Data provided:
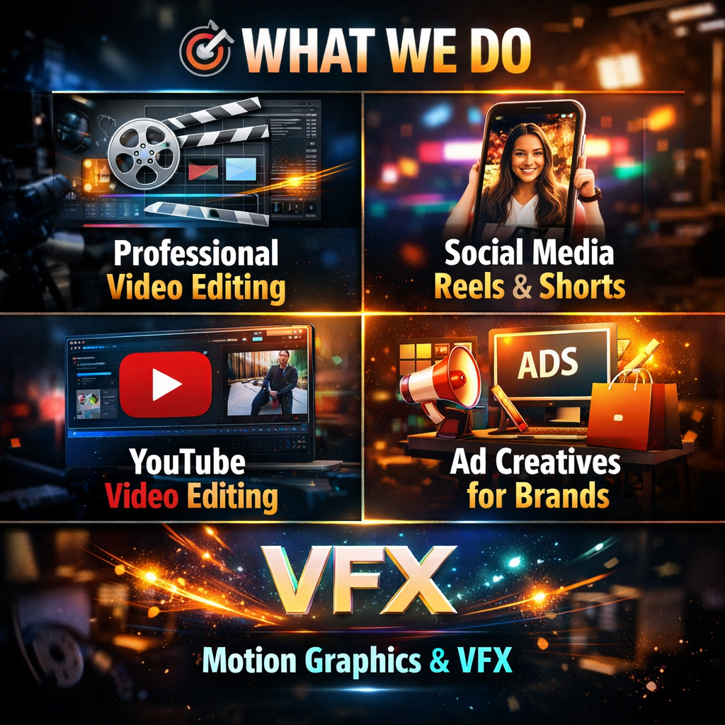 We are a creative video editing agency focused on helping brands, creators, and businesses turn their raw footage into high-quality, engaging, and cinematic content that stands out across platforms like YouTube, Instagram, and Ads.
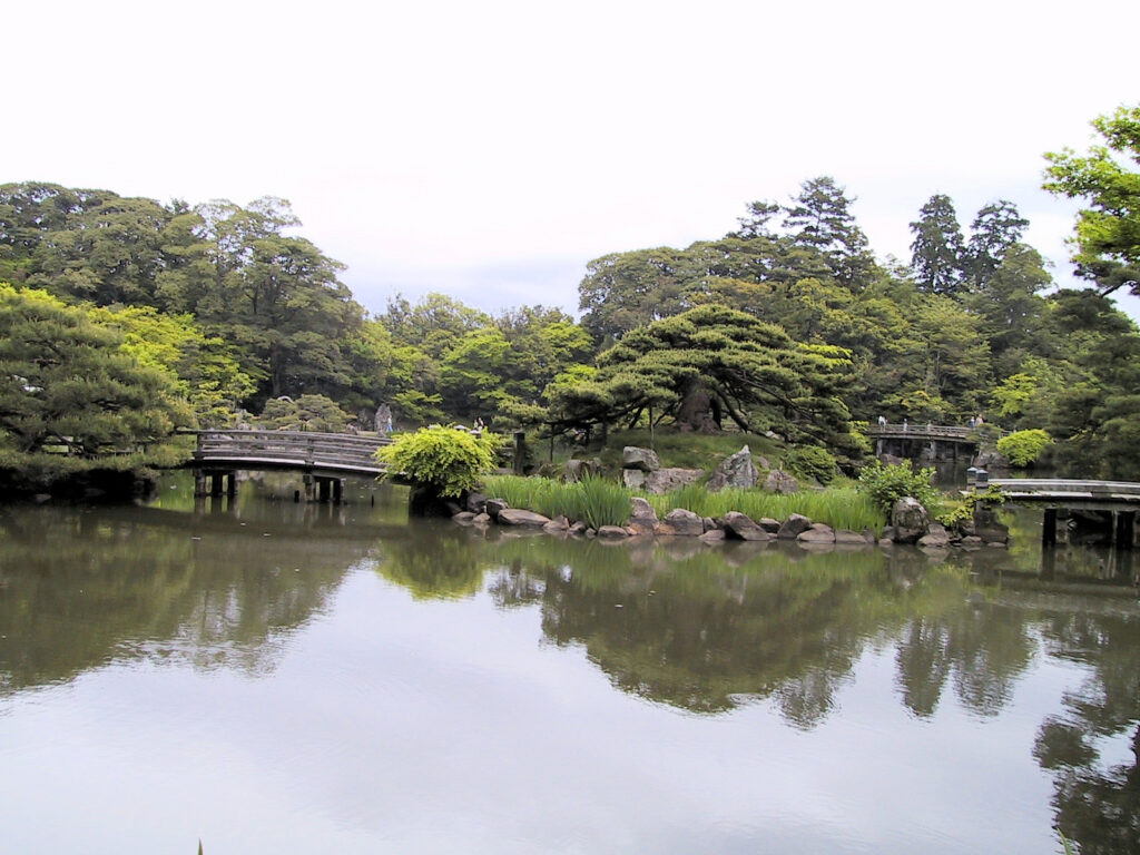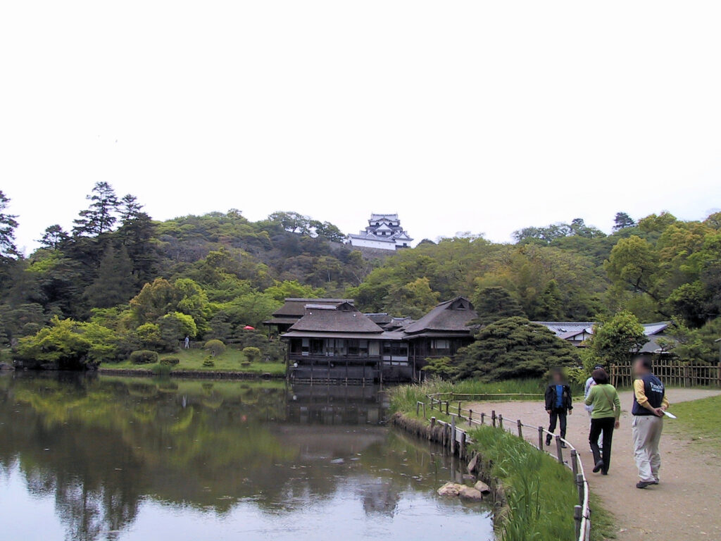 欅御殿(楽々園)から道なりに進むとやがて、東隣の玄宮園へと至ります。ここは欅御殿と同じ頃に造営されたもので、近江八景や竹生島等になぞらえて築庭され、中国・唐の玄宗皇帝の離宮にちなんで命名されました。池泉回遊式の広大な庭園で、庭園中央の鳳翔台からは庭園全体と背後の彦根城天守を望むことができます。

---

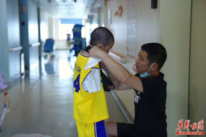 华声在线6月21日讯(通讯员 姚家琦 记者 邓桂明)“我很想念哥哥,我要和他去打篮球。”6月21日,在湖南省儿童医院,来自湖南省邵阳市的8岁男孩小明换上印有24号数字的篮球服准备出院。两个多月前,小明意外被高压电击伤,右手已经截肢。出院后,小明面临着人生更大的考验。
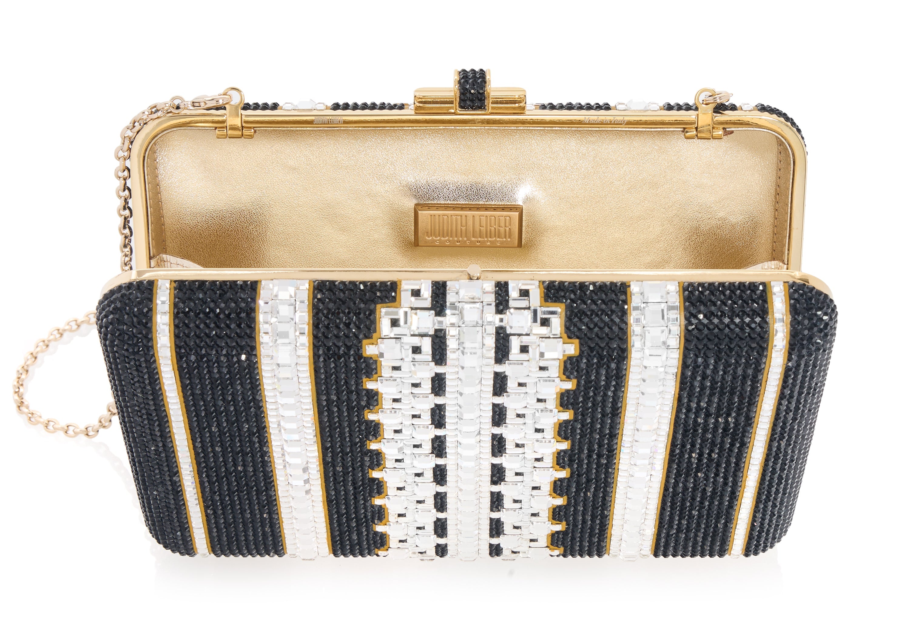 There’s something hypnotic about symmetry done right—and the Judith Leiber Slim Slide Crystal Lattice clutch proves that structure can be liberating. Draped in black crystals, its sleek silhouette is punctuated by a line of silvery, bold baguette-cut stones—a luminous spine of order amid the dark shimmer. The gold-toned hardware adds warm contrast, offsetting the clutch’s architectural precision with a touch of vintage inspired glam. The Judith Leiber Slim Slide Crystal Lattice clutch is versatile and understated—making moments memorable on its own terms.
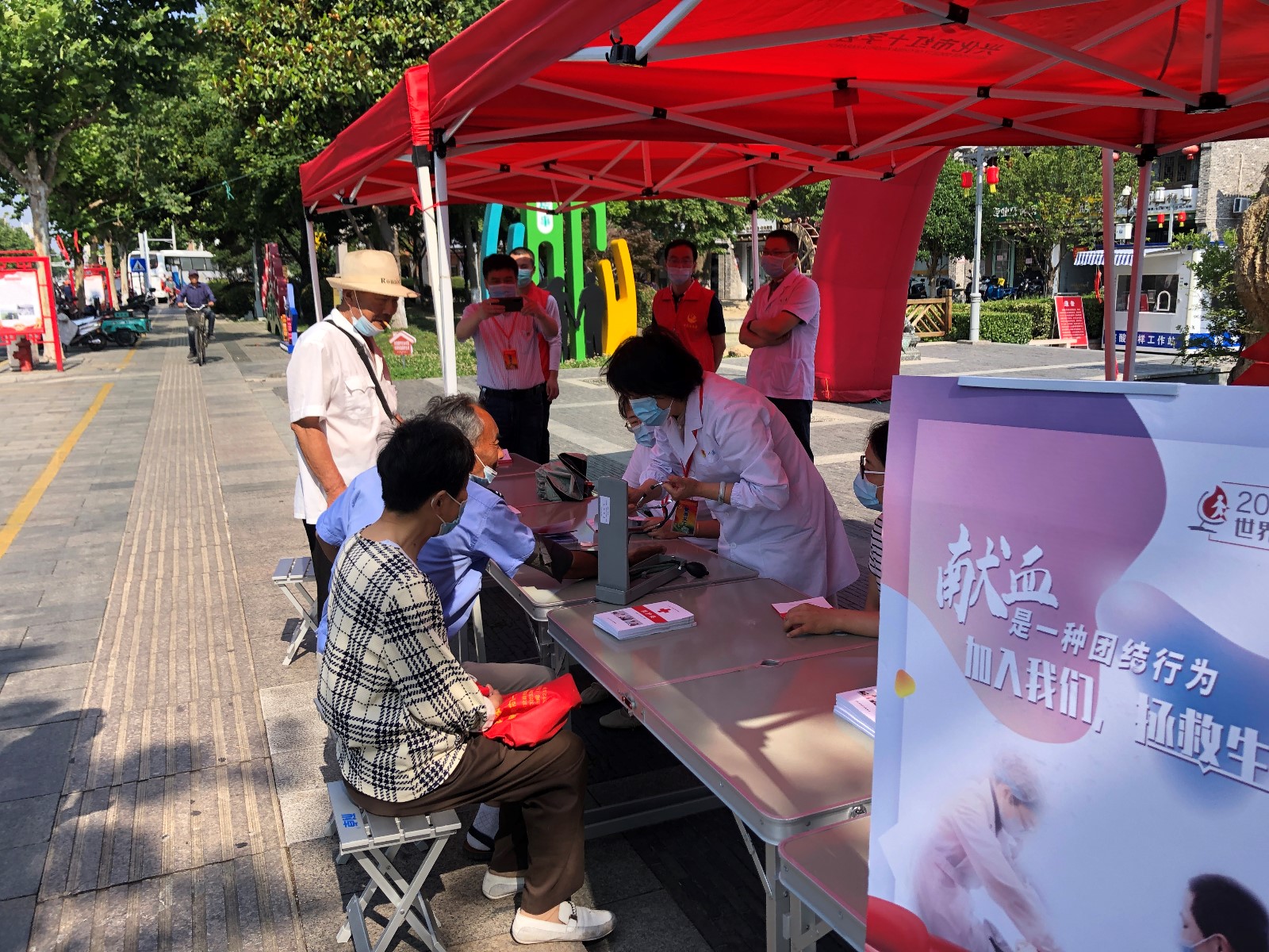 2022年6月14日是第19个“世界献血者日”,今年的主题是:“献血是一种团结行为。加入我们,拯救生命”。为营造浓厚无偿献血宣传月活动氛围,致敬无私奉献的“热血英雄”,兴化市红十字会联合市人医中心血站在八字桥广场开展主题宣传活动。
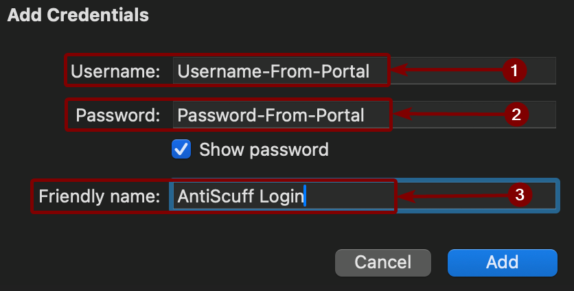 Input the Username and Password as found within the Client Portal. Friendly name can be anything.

Brief:
Only the lines above from the one with "There’s something hypnotic" to the one with "Input the Username" should be printed, both included and exactly as written; no picture belongs in the copy.

Written response:
 There’s something hypnotic about symmetry done right—and the Judith Leiber Slim Slide Crystal Lattice clutch proves that structure can be liberating. Draped in black crystals, its sleek silhouette is punctuated by a line of silvery, bold baguette-cut stones—a luminous spine of order amid the dark shimmer. The gold-toned hardware adds warm contrast, offsetting the clutch’s architectural precision with a touch of vintage inspired glam. The Judith Leiber Slim Slide Crystal Lattice clutch is versatile and understated—making moments memorable on its own terms.
 2022年6月14日是第19个“世界献血者日”,今年的主题是:“献血是一种团结行为。加入我们,拯救生命”。为营造浓厚无偿献血宣传月活动氛围,致敬无私奉献的“热血英雄”,兴化市红十字会联合市人医中心血站在八字桥广场开展主题宣传活动。
 Input the Username and Password as found within the Client Portal. Friendly name can be anything.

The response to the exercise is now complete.